> [DATA EXTRACTS]
┏━━

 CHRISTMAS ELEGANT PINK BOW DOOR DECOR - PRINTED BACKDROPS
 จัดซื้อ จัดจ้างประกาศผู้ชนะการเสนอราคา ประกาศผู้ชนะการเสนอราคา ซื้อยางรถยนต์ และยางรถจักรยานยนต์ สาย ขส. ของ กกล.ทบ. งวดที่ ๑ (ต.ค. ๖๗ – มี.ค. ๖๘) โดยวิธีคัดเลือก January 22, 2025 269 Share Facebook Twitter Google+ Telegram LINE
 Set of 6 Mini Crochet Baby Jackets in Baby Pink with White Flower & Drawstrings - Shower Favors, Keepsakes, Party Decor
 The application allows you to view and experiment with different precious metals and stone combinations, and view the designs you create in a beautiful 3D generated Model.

┗━━
┏━━

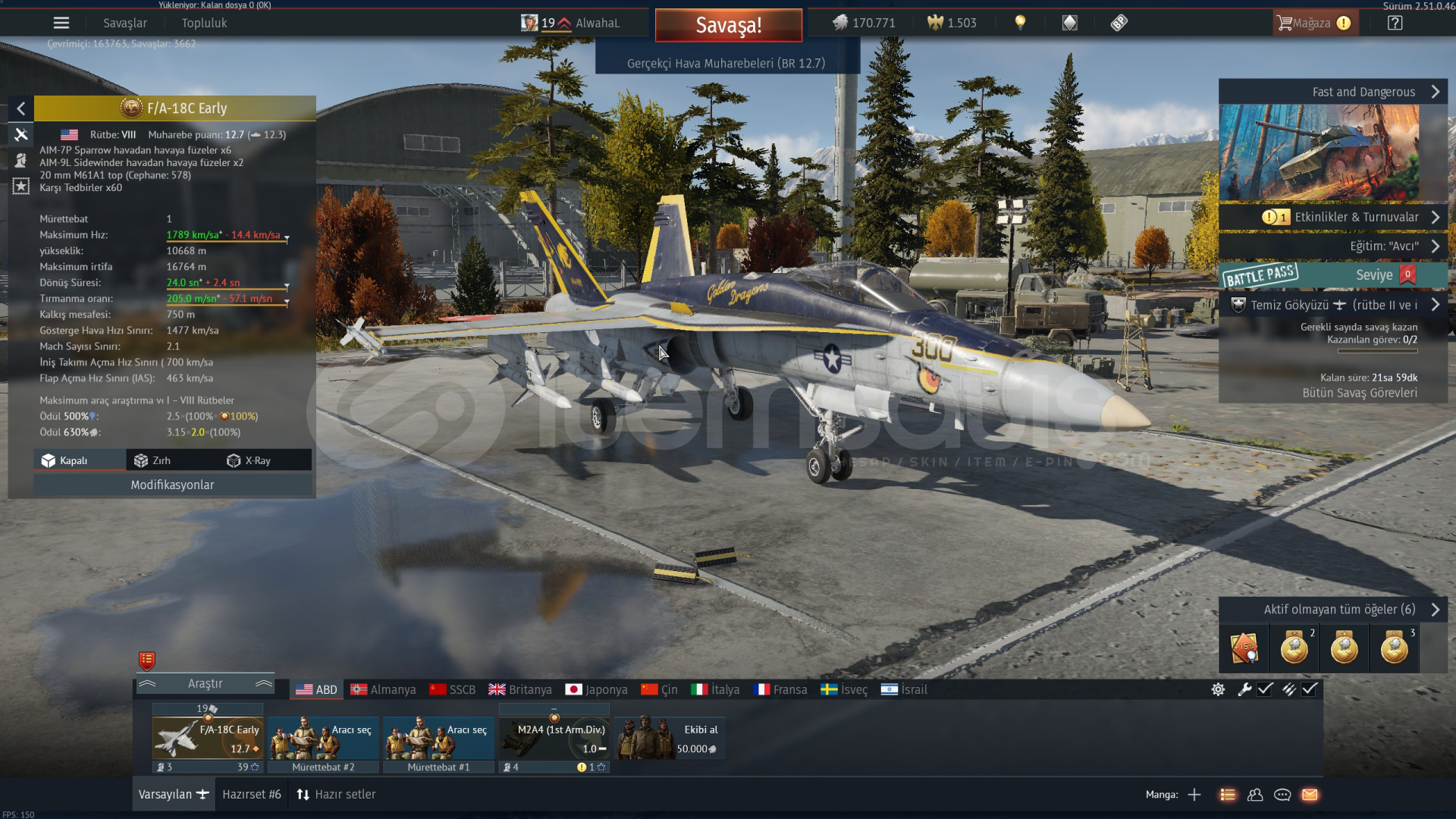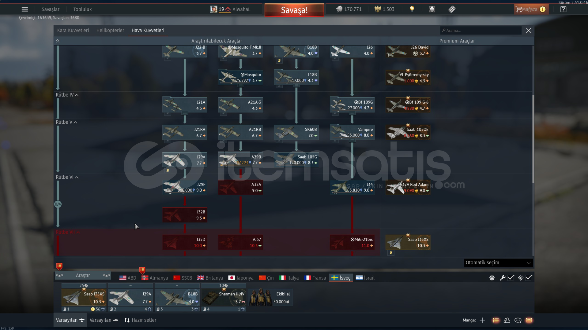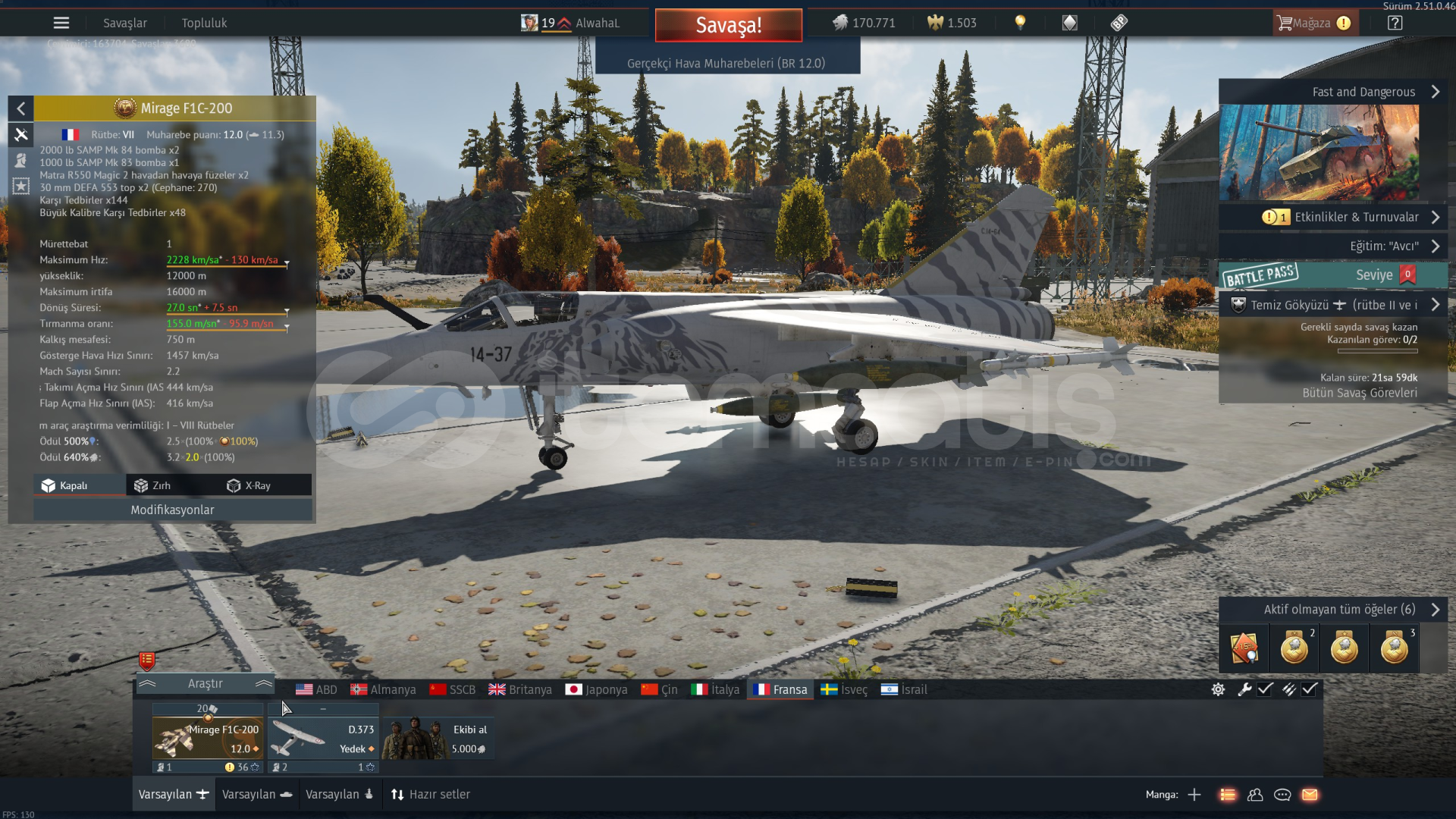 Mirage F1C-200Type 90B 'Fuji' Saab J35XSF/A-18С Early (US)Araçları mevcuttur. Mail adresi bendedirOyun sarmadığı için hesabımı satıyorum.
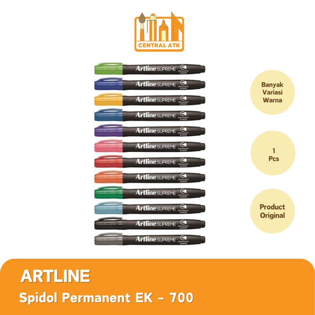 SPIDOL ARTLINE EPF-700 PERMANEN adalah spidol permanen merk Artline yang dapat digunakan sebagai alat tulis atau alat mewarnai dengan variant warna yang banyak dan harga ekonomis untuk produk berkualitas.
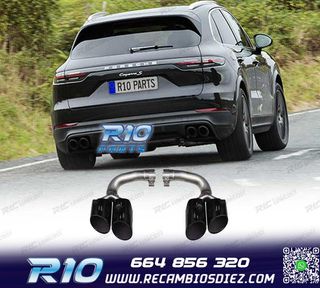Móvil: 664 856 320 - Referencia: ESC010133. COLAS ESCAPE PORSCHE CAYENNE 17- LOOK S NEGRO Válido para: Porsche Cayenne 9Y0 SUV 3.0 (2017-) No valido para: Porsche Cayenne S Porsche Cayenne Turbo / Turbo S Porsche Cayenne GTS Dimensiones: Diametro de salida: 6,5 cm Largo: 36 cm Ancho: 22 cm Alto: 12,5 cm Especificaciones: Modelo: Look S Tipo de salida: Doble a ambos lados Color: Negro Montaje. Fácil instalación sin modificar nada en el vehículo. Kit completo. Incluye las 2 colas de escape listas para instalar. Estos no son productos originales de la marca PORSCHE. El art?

┗━━
┏━━

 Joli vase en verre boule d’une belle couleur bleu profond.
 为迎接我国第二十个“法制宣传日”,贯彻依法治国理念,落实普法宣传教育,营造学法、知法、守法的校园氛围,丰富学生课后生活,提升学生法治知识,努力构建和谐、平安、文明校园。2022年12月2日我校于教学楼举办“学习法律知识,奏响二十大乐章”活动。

┗━━

> [ASSIGNMENT] Take only the lines above from the one that has "SPIDOL ARTLINE EPF-700" through the one that has "Móvil: 664 856" and reproduce them exactly, omitting any pictures.

> [ANSWER FOR THIS EXERCISE]
 SPIDOL ARTLINE EPF-700 PERMANEN adalah spidol permanen merk Artline yang dapat digunakan sebagai alat tulis atau alat mewarnai dengan variant warna yang banyak dan harga ekonomis untuk produk berkualitas.
Móvil: 664 856 320 - Referencia: ESC010133. COLAS ESCAPE PORSCHE CAYENNE 17- LOOK S NEGRO Válido para: Porsche Cayenne 9Y0 SUV 3.0 (2017-) No valido para: Porsche Cayenne S Porsche Cayenne Turbo / Turbo S Porsche Cayenne GTS Dimensiones: Diametro de salida: 6,5 cm Largo: 36 cm Ancho: 22 cm Alto: 12,5 cm Especificaciones: Modelo: Look S Tipo de salida: Doble a ambos lados Color: Negro Montaje. Fácil instalación sin modificar nada en el vehículo. Kit completo. Incluye las 2 colas de escape listas para instalar. Estos no son productos originales de la marca PORSCHE. El art?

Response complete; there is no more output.